June 30, 2022
Breaking News - SCOTUS Rules in Favor of WV, Striking Down EPA's Clean Power Plan
The Supreme Court of the United States gave West Virginia, and the numerous states supporting it, a victory Thursday, striking down the Obama-era Clean Power Plan (CPP) that would have radically restructured the generation of electricity in the United States. The Court ruled that EPA was not authorized by Congress to expand its pollution control authority to force a change from fossil fuels to renewable energy sources.

The case involved an interpretation of Section 111(d) of the Clean Air Act, which allows EPA to set limits for certain pollutants based on the "best system of emission reduction" or BSER. During the Obama administration, EPA had proposed regulation of electricity generators under a novel approach to Section 111 that would have forced generators to move from coal-fired generation to wind and solar, or else purchase credits through a cap-and-trade system. The CPP was stayed by the Supreme Court before it could be implemented, and was later replaced by the Trump administration with the American Clean Energy (ACE) rule. Litigation ensued, followed by the Biden administration's announced intention to withdraw the ACE and re-instate the CPP, leading to a challenge by West Virginia and other plaintiffs.

After determining that West Virginia had Article 3 standing to challenge a rule that was not yet in effect, the Court considered the merits of EPA's actions. It concluded that EPA had misinterpreted the Clean Air Act in setting BSER to force a move away from coal generation and toward renewables. Congress had not given EPA the clear authority to restructure the entire electricity-generating structure in the U.S. in a manner that, as calculated by EPA, would "entail billions of dollars in compliance costs (to be paid in the form of higher energy prices), require the retirement of dozens of coal-fired plants, and eliminate tens of thousands of jobs across various sectors." The net effect would have been a reduction in GDP by 2040 of over a trillion dollars.

The Court noted that EPA's interpretation of Section 111 was unlike any it had advanced before proposing the CPP and was inconsistent with EPA's admission that it had no particular institutional expertise in the area of electricity transmission, distribution and storage. Unlike the Mercury Rule, where limits on mercury were set at levels that could have been achieved through controls, there were no controls that could have achieved the limits established by the CPP for coal-powered plants. EPA was undertaking a "fundamental revision of the statute."

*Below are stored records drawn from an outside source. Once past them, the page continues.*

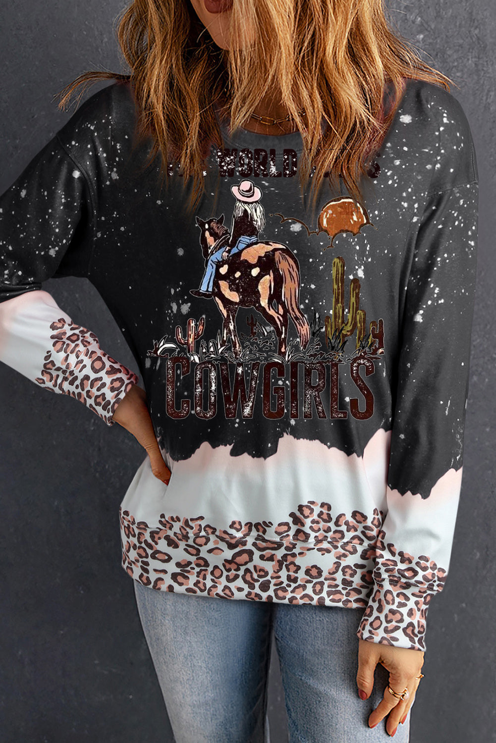 Bleached Pullover Western Cowgirl Pattern Sweatshirt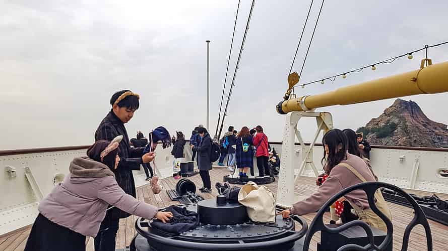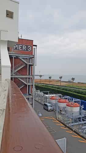 A stage area is located next to the ship.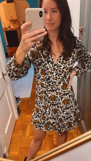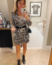 This dress was husband and friend approved. Liked the length but had mixed emotions about the print. Everyone liked it though. Feel like I could have gone down a size for a better fit. Definitely liked it better with a belt.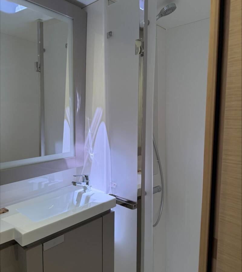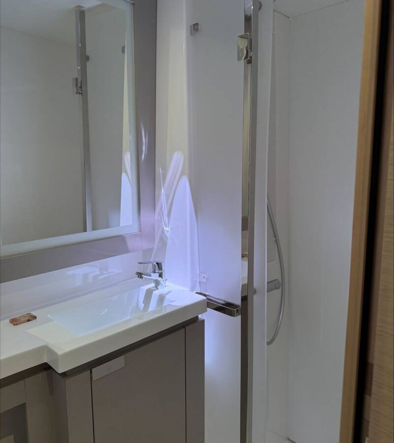 Die Fountaine Pajot Elba 45 "" bietet besonderen Komfort mit folgenden Ausstattungsmerkmalen: Generator, Klimaanlage, Tiefkühlfach, Inverter, Elektrische Toilette, Solar Panel.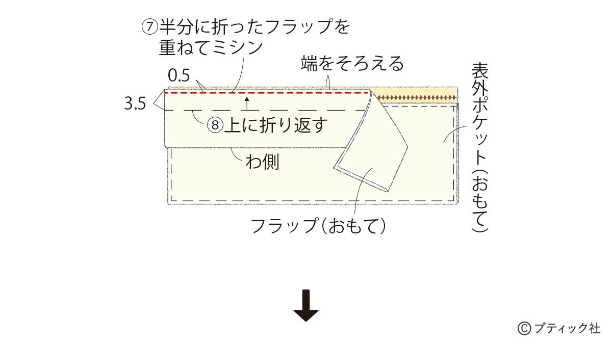 ギャザーを寄せたフリルでフラットポーチをガーリーに仕上げました。ハガキより一回り大きいサイズなので、マチなしでも細々したものをいろいろ入れられて便利です。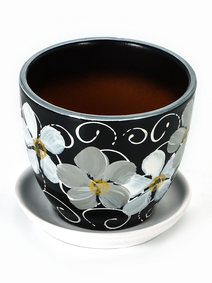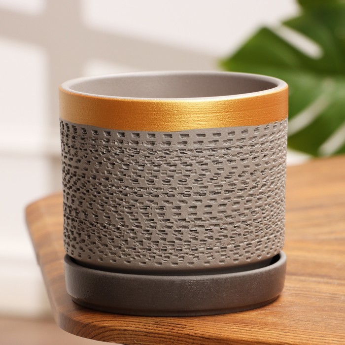 Горшок для цветов «Фиалка», 1 л, d=15 см, h=13 см, керамический, с поддоном — Характеристики

Given the breadth of the power that EPA was assuming for itself, the Court was compelled to look for clear Congressional direction to regulate in such a manner. It could find no support for EPA's claim of authority to determine "how much of a switch from coal to natural gas is practically feasible . . . before the grid collapses, and how high energy prices can go as a result before they become 'unreasonably exorbitant.'" Nor could the Court ignore the fact that EPA assumed a power to establish a cap-and-trade system that Congress itself had considered and rejected several times.

The Court considered other possible justifications for EPA's actions, and found none availing. It concluded that a nationwide rejection of coal as a power source was a decision "of such magnitude and consequence [that it] rests with Congress itself, or an agency acting pursuant to a clear delegation from that representative body."